Long-Term Service Agreements
In July 2004, the Company acquired a 77 percent interest in the McClain Plant. As part of that acquisition, the Company
became subject to an existing long-term parts and service maintenance contract for the upkeep of the natural gas-fired combined cycle
generation facility. The contract was initiated in December 1999, and runs for the earlier of 96,000 factored-fired hours or 4,800
factored-fired starts. Based on historical usage and current expectations for future usage, this contract is expected to run until 2015.
The contract requires payments based on both a fixed and variable cost component, depending on how much the McClain Plant is
used. The Company’s share of the estimated obligation under the contract, based on the projected future use of the McClain Plant, is
approximately: 2010 – $1.4 million, 2011 – $15.8 million, 2012 – $1.5 million, 2013 – $1.5 million, 2014 – $17.1 million and 2015
and beyond – $1.2 million.
In September 2008, the Company acquired a 51 percent interest in the Redbud Facility. As part of that acquisition, the
Company became subject to an existing long-term parts and service maintenance contract for the upkeep of the natural gas-fired
combined cycle generation facility.

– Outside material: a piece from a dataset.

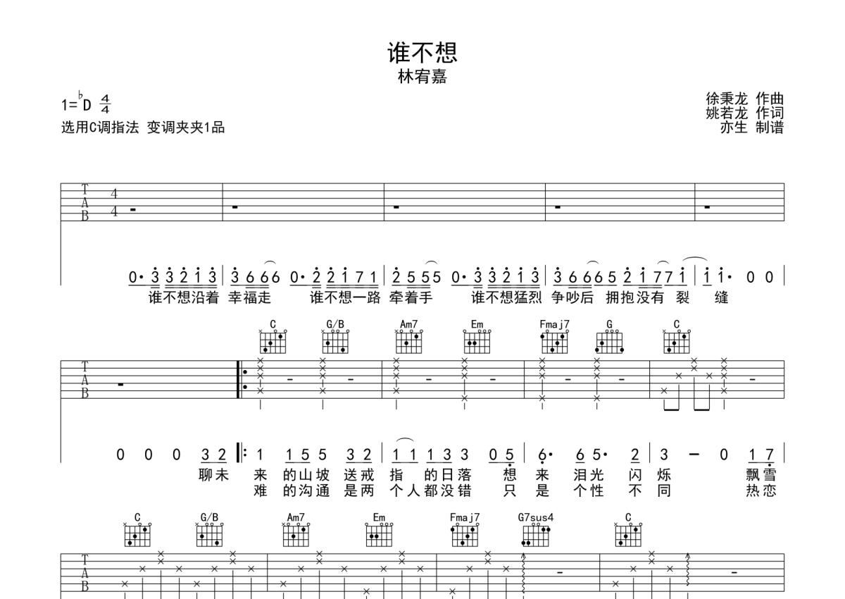曲谱介绍: 林宥嘉《谁不想》吉他弹唱谱,采用C调指法编配,亦生编配出品,共有2张高清图谱,免翻页排版设计。

The contract was initiated in January 2001, and runs for the earlier of 120,000 factored-fired
hours or 4,500 factored-fired starts. Based on historical usage and current expectations for future usage, this contract is expected to
run until 2025. The contract requires payments based on both a fixed and variable cost component, depending on how much the
Redbud Facility is used. The Company’s share of the estimated obligation under the contract, based on the projected future use of the
Redbud Facility, is approximately: 2010 – $2.3 million, 2011 – $0.6 million, 2012 – $10.5 million, 2013 – $11.9 million, 2014 – $7.4
million and 2015 and beyond – $70.1 million.